WHAT TO WORK ON:
Could you reproduce the lines below from the one with "DOOPER – Hot" through the one with "Планировка: 5 независимых"? Keep both ends and add nothing.

DATA SECTION:

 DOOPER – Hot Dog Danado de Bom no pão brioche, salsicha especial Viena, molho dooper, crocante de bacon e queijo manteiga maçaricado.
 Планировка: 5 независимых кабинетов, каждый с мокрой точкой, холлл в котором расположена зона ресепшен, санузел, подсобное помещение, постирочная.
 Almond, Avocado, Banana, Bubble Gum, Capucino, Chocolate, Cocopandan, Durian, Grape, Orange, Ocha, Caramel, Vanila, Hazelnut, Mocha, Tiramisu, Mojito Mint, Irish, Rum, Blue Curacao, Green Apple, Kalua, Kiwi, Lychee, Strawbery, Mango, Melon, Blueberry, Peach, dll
...
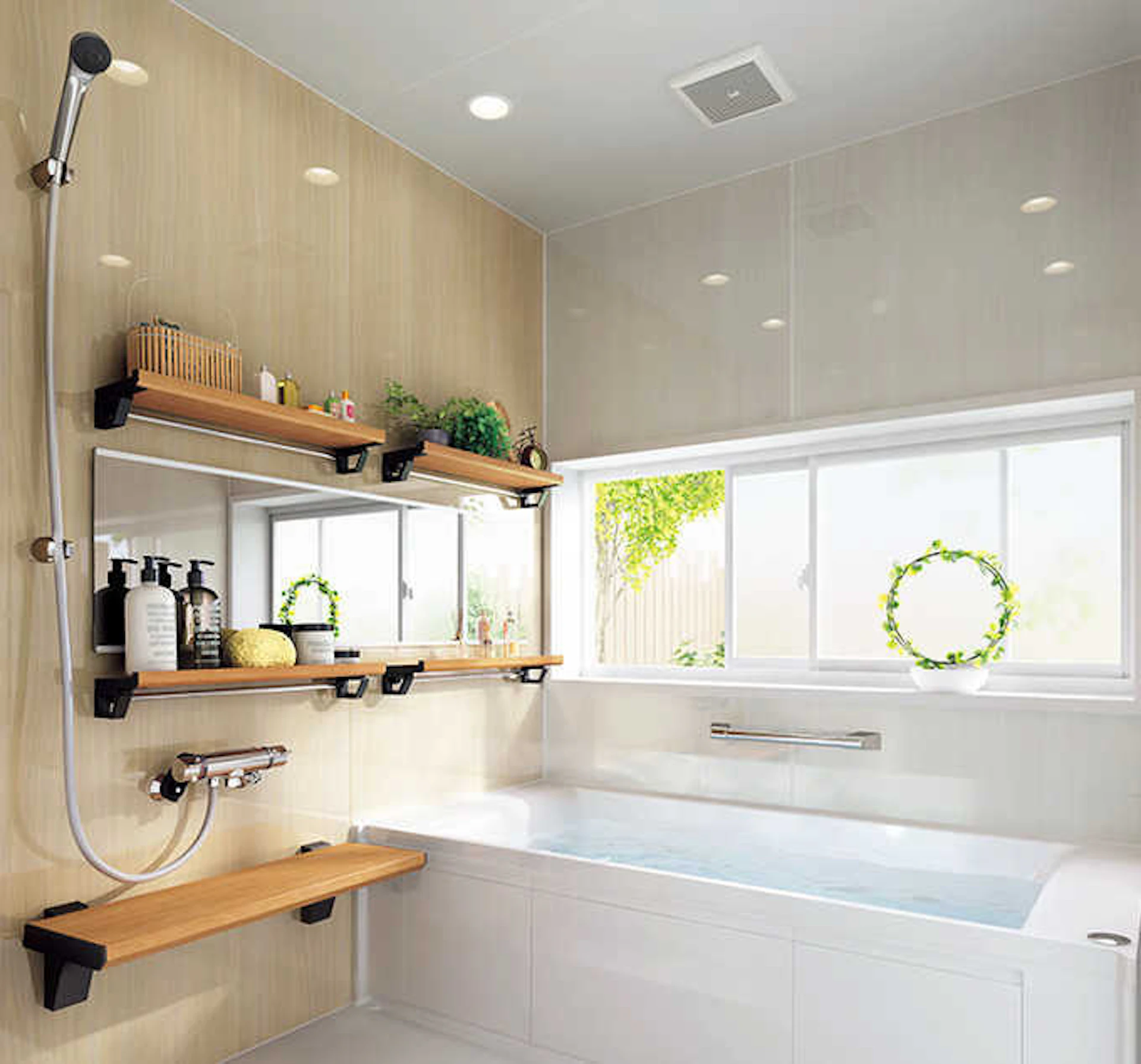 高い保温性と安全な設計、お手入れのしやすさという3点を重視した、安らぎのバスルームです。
==
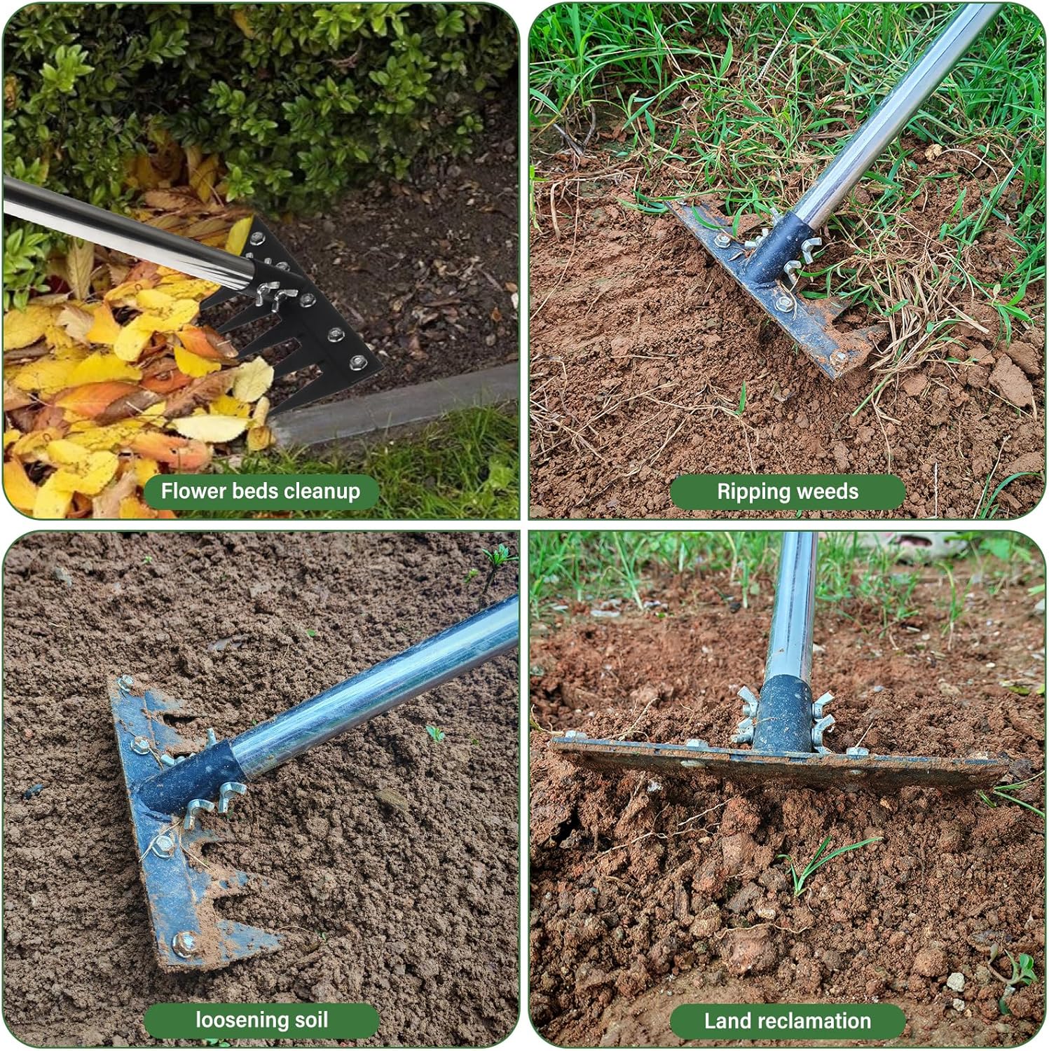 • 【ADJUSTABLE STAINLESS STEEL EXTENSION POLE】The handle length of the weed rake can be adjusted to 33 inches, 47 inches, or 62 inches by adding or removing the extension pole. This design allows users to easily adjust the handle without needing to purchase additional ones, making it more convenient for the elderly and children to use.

WRITTEN RESPONSE:
 DOOPER – Hot Dog Danado de Bom no pão brioche, salsicha especial Viena, molho dooper, crocante de bacon e queijo manteiga maçaricado.
 Планировка: 5 независимых кабинетов, каждый с мокрой точкой, холлл в котором расположена зона ресепшен, санузел, подсобное помещение, постирочная.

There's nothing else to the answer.